Abstract
Angiogenesis, the growth of new vessels from preexisting vessels, is a fundamental step in tumor growth and progression. Vascular endothelial growth factor (VEGF) is a key angiogenic factor implicated in tumor blood vessel formation and permeability. Overexpression of VEGF has been observed in a variety of cancers and has been associated with a worse relapse-free and overall survival. The antiangiogenic agent bevacizumab, a monoclonal antibody directed against VEGF, has shown clinical benefit in multiple cancers, including non-small cell lung cancer (NSCLC). Based on the favorable results of a prior randomized, phase II trial, the Eastern Cooperative Oncology Group conducted a trial (E4599) to evaluate the efficacy of bevacizumab in combination with paclitaxel and carboplatin in patients with recurrent or advanced stage IIIB or IV nonsquamous cell NSCLC. Exclusion criteria included squamous cell histology, brain metastases, significant hemoptysis, or inadequate organ function or performance status >1. The primary study end point was overall survival.

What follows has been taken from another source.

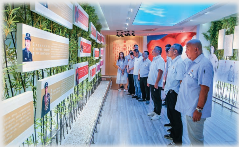
新疆乌鲁木齐水业集团排水公司党支部组织党员开展党风廉政教育,学案例、观看英模展。

坚持走在前、学在先,结合实际抓贯彻,确保全区组织工作会议精神落地落细。将学习贯彻全区组织工作会议精神作为各级党委党组学习“第一内容”、党员干部学习“第一任务”,精选学习内容,制定学习计划,通过书记讲学、部门比学、支部研学、培训辅学等方式,坚持原汁原味学,推动党员干部先学一步、学深一层。整合共产党员网、昆仑网等学习资源,推送涵盖理论课堂、视频课堂、音频课堂的“云课堂”,依托“阿勒泰市零距离”微信公众号平台,组织100余名领导干部围绕学习党的创新理论、工作重点落实推进等撰写言论文章并广泛推送,共享学习成果。深化“书记讲党课”活动,围绕自治区组织工作会议精神,“线下”广泛开讲、“线上”集中展播推广,引导基层党组织书记、党员干部走上讲台、交流经验、互学互鉴,解决实际问题,全市各级党组织讲党课300余场次,覆盖党员群众1万余人。(沈盛强)

The median duration of survival in the chemotherapy plus bevacizumab group was 12.3 months compared with 10.3 months in the chemotherapy alone group (P = 0.003). Significant bleeding was more frequent in the chemotherapy plus bevacizumab group, 4.4% compared with 0.9% (P = 0.001). There were 15 treatment-related deaths in the chemotherapy plus bevacizumab group, including 5 due to pulmonary hemorrhage. Future and current directions include evaluation of bevacizumab in earlier stages of NSCLC, in SCLC, and in combination with other targeted agents, such as erlotinib.
Highlights
Angiogenesis, the growth of new vessels from preexisting vessels, is a fundamental step in tumor growth and progression
In the only randomized trial of single-agent bevacizumab, treatment of patients with metastatic renal cell carcinoma seemed to result in a significant increase in time to progression, but no improvement was seen in overall survival [10]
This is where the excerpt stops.